I've been sitting in the library a lot recently. The old wooden tables, the marble floors and big brass door knobs fill me with a sense of nostalgia, for someone else's past. They encourage ideas to float down out of the huge domed roof and settle on my shoulders, they conjure fake memories, as if I were a person who had sat in those chairs with a distinct purpose, scribbling away compulsively, consuming the content of the most specific books in the most detailed minutia. I remember the smirk creeping into my face at finding out new, surprising, guiding facts and the square shape of my index finger from writing for so long. Those are most definitely fake memories. I have no paper to finish, no project to research, but I do seek something, the same thing all the great writers sought, who's works fill the shelves around me in this majestic room. I seek an answer to this mortal condition, this need to stimulate my mind. It does fill me with a slight sense of contentment to know that I am surrounded by the thoughts and discoveries of so many of our greatest minds, to know that although I do not possess an answer, there is one very close to me, in a book perhaps only ten feet away, perhaps within grasping distance, it's just up to me to pick up the right book. Sometimes it's enough to sit in the middle of the room and breathe deeply in the knowledge that the air circulating in this room has brushed up against so many works of genius and enlightenment.
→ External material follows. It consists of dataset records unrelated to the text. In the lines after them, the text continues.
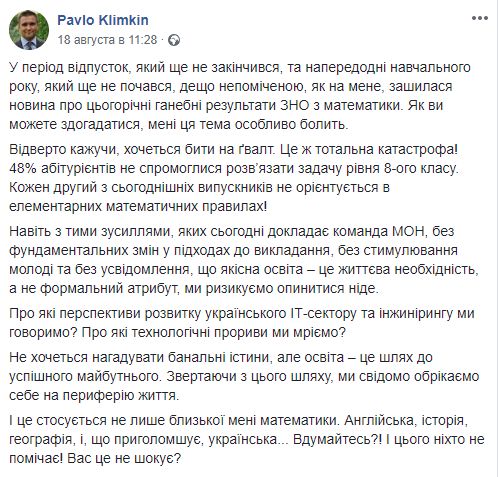 Министр иностранных дел Павел Климкин: "Откровенно говоря, хочется бить тревогу. Это же тотальная катастрофа! 48% абитуриентов не смогли решить задачу уровня восьмого класса. Каждый второй из сегодняшних выпускников не ориентируется в элементарных математических правилах!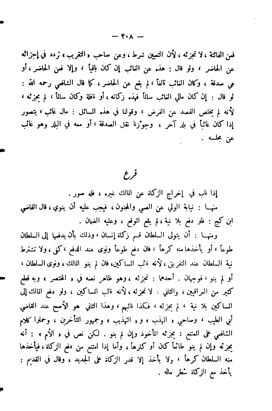 وَمِنْهَا: أَنْ يَتَوَلَّى السُّلْطَانُ قَسْمَ زَكَاةِ إِنْسَانٍ، وَذَلِكَ بِأَنْ يَدْفَعَهَا إِلَى السُّلْطَانِ طَوْعًا، أَوْ يَأْخُذَهَا مِنْهُ كَرْهًا، فَإِنْ دَفَعَ طَوْعًا وَنَوَى عِنْدَ الدَّفْعِ، كَفَى، وَلَا تُشْتَرَطُ نِيَّةُ السُّلْطَانِ عِنْدَ التَّفْرِيقِ؛ لِأَنَّهُ نَائِبُ الْمَسَاكِينِ، فَإِنْ لَمْ يَنْوِ الْمَالِكُ، وَنَوَى السُّلْطَانُ أَوْ لَمْ يَنْوِ، فَوَجْهَانِ، أَحَدُهُمَا: تُجْزِئُهُ، وَهُوَ ظَاهِرُ نَصِّهِ فِي الْمُخْتَصَرِ وَبِهِ قَطَعَ كَثِيرٌ مِنَ الْعِرَاقِيِّينَ، وَالثَّانِي: لَا تُجْزِئُهُ؛ لِأَنَّهُ نَائِبُ الْمَسَاكِينِ، وَلَوْ دَفَعَ الْمَالِكُ إِلَى الْمَسَاكِينِ بِلَا نِيَّةٍ، لَمْ يُجْزِئْهُ، فَكَذَا نَائِبُهُمْ، وَهَذَا الثَّانِي هُوَ الْأَصَحُّ عِنْدَ الْقَاضِي أَبِي الطَّيِّبِ، وَصَاحِبَيِ الْمُهَذَّبِ وَالتَّهْذِيبِ وَجُمْهُورِ الْمُتَأَخِّرِينَ، وَحَمَلُوا كَلَامَ الشَّافِعِيِّ عَلَى الْمُمْتَنِعِ: يُجْزِئُهُ الْمَأْخُوذُ وَإِنْ لَمْ يَنْوِ. لَكِنْ نَصَّ فِي الْأُمِّ أَنَّهُ يُجْزِئُهُ وَإِنْ لَمْ يَنْوِ طَائِعًا كَانَ أَوْ كَارِهًا، وَأَمَّا إِذَا امْتَنَعَ مِنْ دَفْعَ الزَّكَاةَ، فَيَأْخُذُهَا مِنْهُ السُّلْطَانُ كَرْهًا، وَلَا يَأْخُذُ إِلَّا قَدْرَ الزَّكَاةِ عَلَى الْجَدِيدِ، وَقَالَ فِي الْقَدِيمِ: يَأْخُذُ مَعَ الزَّكَاةِ شَطْرَ مَالِهِ.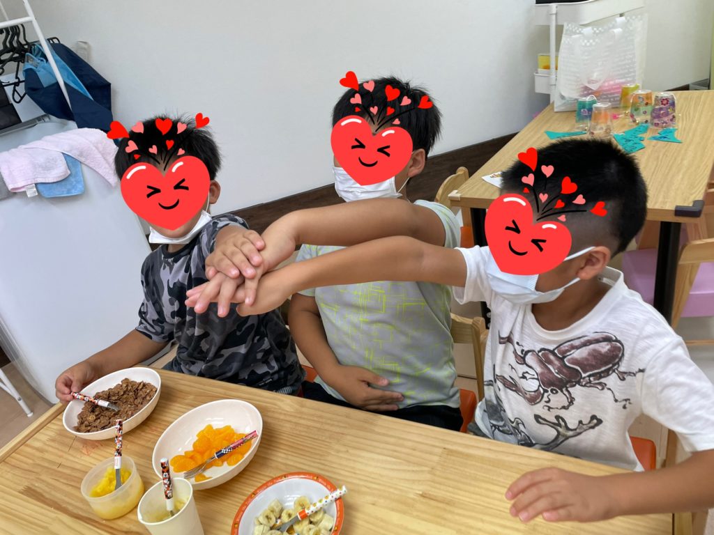 もうすぐ夏休み😄短縮授業で小学校のおともだちはいつもより早くゆうにやってきます。7、8月は利用できる日が増えることもあって違う小学校、こども園、幼稚園、保育所のおともだちにはじめましてとご挨拶する場面があります。少し輪の中に入りにくい子も中にはいます。でも「隣に座りよ~。」「いくつ?」「どこの小学校なん?」みたいな何気ない声かけから始まって、少しずつ仲良くなって同じおもちゃで遊んだり、活動の時お互いに助け合っていたり、年下の子に思いやりのある行動をしてくれていたり。。。職員さんに甘えにいってる姿やみんなで何か一つのことをやり遂げてる姿を見ていると、ゆうの輪がどんどん広がってるんだなぁと嬉しくなってしまいます😊
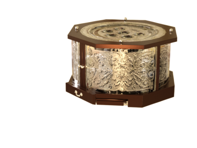 Deluxe 3-tier silver/mahogany Kaarah with retractable Shtender for your Hagadah.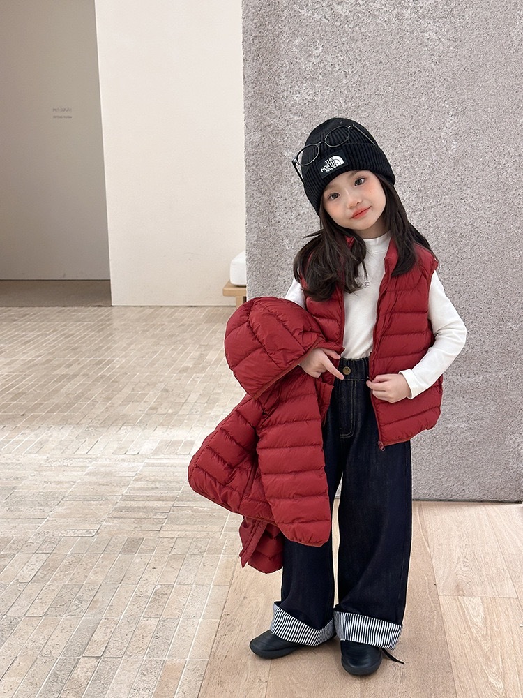 子供服 ダウンベスト レッド 赤 キッズ 女の子 男の子 防寒 軽量 あったか 冬服 ベスト 通園 通学 おしゃれ 韓国子供服 冬アウター リンクコーデ 90〜170cm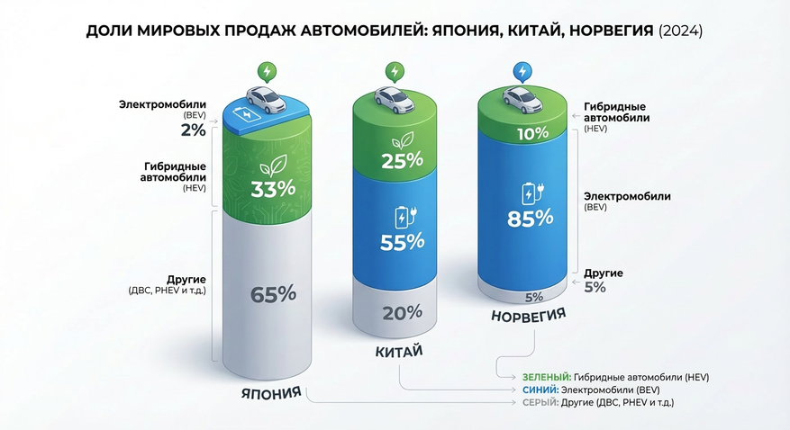 Контраст впечатляет. В 2025 году доля гибридов на японском рынке держится на уровне 33-35%, а электрокары застряли на отметке 2%. Разница — в 16-17 раз. Для сравнения: в Китае электрокары захватили 49% продаж, в Норвегии — 54%, даже в США — около 10%.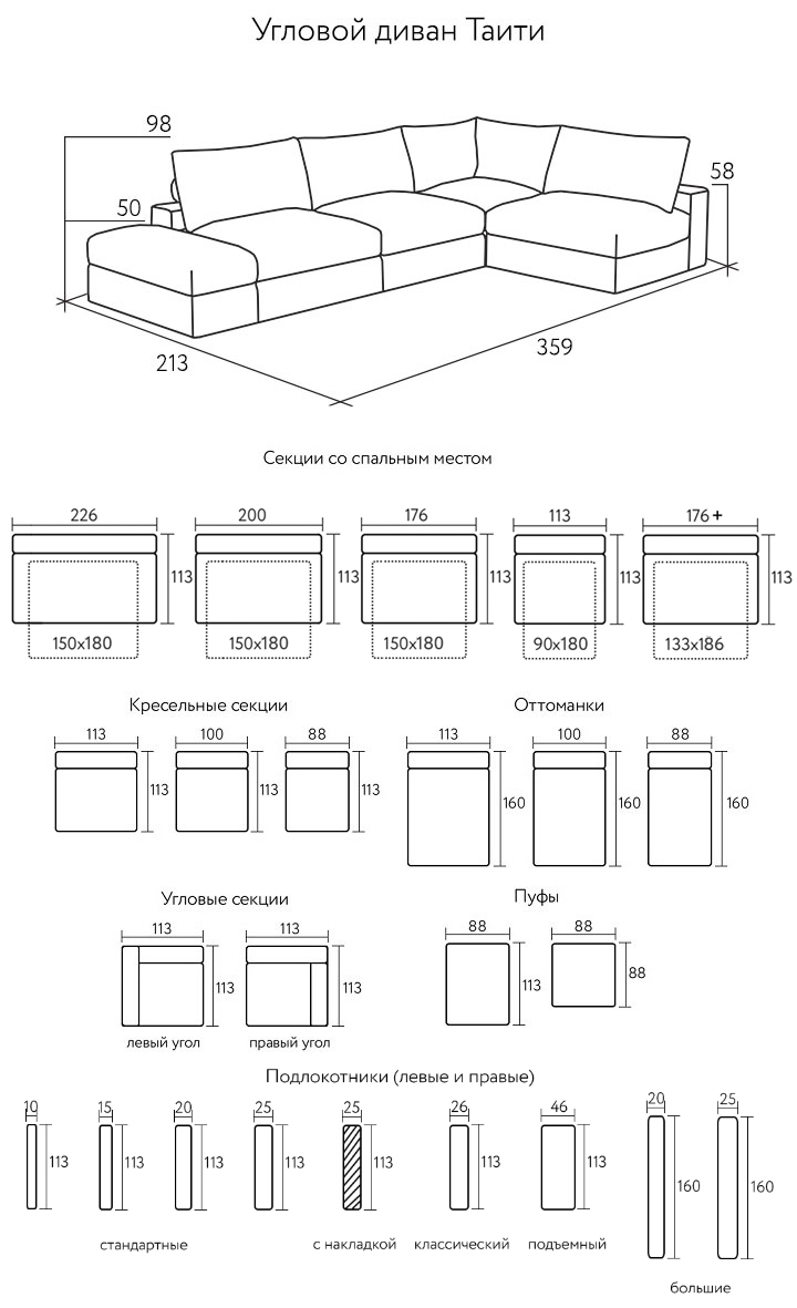 Два варианта угловых секций (113х113 см), позволяющих создать угловой диван правой и левой ориентации.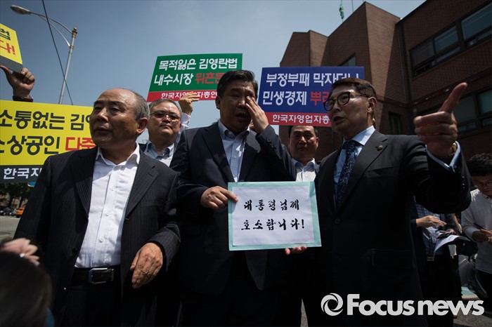 (서울=포커스뉴스) 한국자영업자총연대 등 소상공인 단체가 8일 오전 서울 종로구 청운효자동주민센터 앞에서 '부정청탁 및 금품 등 수수의 금지에 관한 법률(김영란법)' 시행저지 기자회견을 열고 최승재 소상공인연합회장(가운데)이 대통령에게 전하는 호소문을 들고 청와대를 향하고 있다.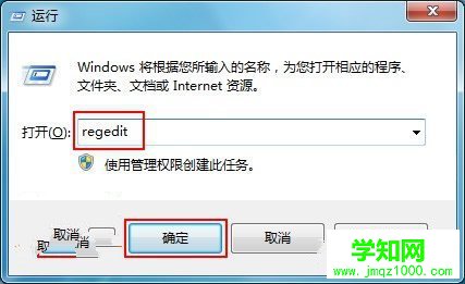 按鍵盤上的“Win+R”打開運行,輸入“regedit”按“確定”。
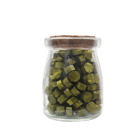 Сургуч в эстетичной стеклянной баночке с пробковой крышкой. Около 60гр. (180шт) Размер одной гранулы около 1см, толщина 0,5 мм. Примерно на один оттиск 2,5см нужно 10 гранул.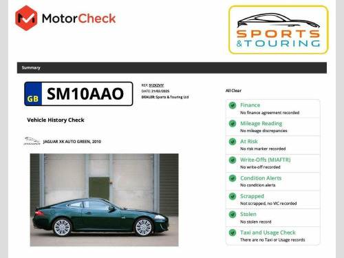 BEAUTIFUL CONDITION | LOW MILEAGE | STUNNING EMERALD FIRE PAINT | GORGEOUS CARAMEL LEATHER with BURR WALNUT VENEER | FRESHLY REFURBISHED CARAVELA WHEELS | BRAND NEW DUNLOP SP SPORT MAXX TYRES | 10-WAY MEMORY SEATS | HEATED SEATS | HEATED STEERING WHEEL | FRONT & REAR PARKING SENSORS | ACTIVE HEADLAMPS | SPACESAVER SPARE WHEEL | NEW HEADLINING PROFESSIONALLY INSTALLED | CARPLAY/ANDROID UPGRADE available | FRESH MAJOR SERVICE for handover | As Performance Jaguar specialists, it is a rare privilege to list this hugely impressive XK, in perhaps the most sought-after combination of EMERALD FIRE METALLIC PAINT and CARAMEL LEATHER with BURR WALNUT VENEER, and with only 26,479 miles on the odometer. This Grand Tourer is in utterly brilliant condition and has obviously been cherished by its three keepers, in addition to which it has received extensive attention in our workshop including a full restorative paint treatment, new headlining, refurbished wheels, and brand new DUNLOP SP SPORT MAXX TYRES all round. It comes with excellent service history and will have a fresh major service in our workshop ready for its new owner, in addition to which we have replaced the front brake discs and pads. It will be supplied with two remote key fobs and owners wallet with handbook set. The registration is SM10 AAO. You can chat to us live via text or WhatsApp on 07831 445521. Were open seven days a week, from 8am until 8pm, by appointment. Please read our reviews on AutoTrader and Google - we are very proud of our achievements. Contact us for access to the Google drive for any of our cars, with high-resolution photos, service history, and full build specification, or request a video viewing. All our cars are supplied with a comprehensive MotorCheck report and pre-delivery inspection. We provide a three-month, 3,000 mile warranty free of charge and twelve and twenty-four-month options are also available. Please ask us about trading-in; we will give you sound advice.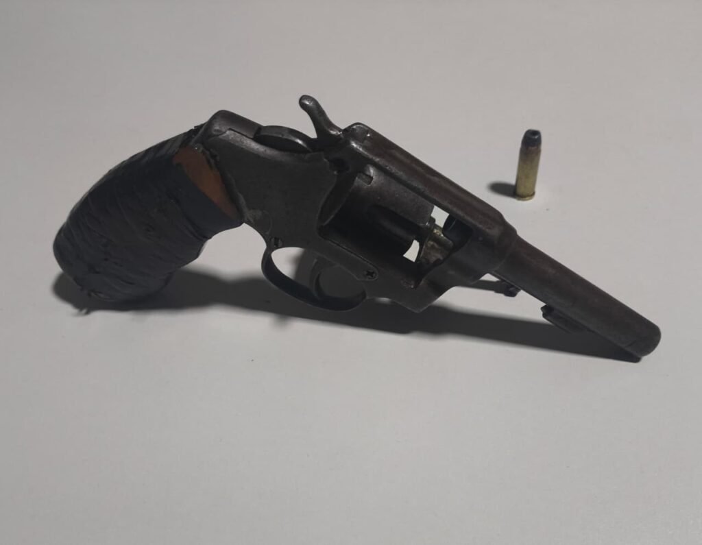 Durante a abordagem aos frequentadores do estabelecimento, os militares localizaram, na cintura de T. L. da S. um revólver calibre .32 com numeração suprimida e uma munição intacta. Diante da ilegalidade, já que o porte de arma de fogo sem autorização é crime previsto na Lei nº 10.826/2003 (Estatuto do Desarmamento), foi dada voz de prisão ao indivíduo.

I met a beautiful girl recently, she has a voice of experience. She really stares at me when I speak to her much in the same way that I stare at people, thinking perhaps that an unplanned and fleeting expression might give away more of someone's truth that they intended or more truth than they know they possess. I imagined myself with this girl, how might she change me? Might she elevate my soul like the songs of Patti Smith? Might she haunt me they way that Dostoevsky haunts me, changing the shape and colour of the corridors of my life? Might she put me at ease and sooth me like Walt Whitman? Or might she confound me like T.S. Eliot? I imagined my hand on the back of her neck and my lips at her ear. Her piercing look disarmed me and therein lies my attraction; with just her eyes she negated the need for small talk and I believe that is some sort of answer, to be disarmed is to tell the truth.
Perhaps I could be better served by finding this girl in books? I could have the language of experience but none of the pain. But no, I shouldn't like to cheat and I find suffering becomes me, it dusts away the ambiguities of my life and forces me on a new path. Besides there are discoveries to be made in the closeness of flesh that can only be comprehended by the individual and never fully put into words.
As Ever,
Stranger
I enjoyed this very much. I want to meet that girl. I have become disillusioned.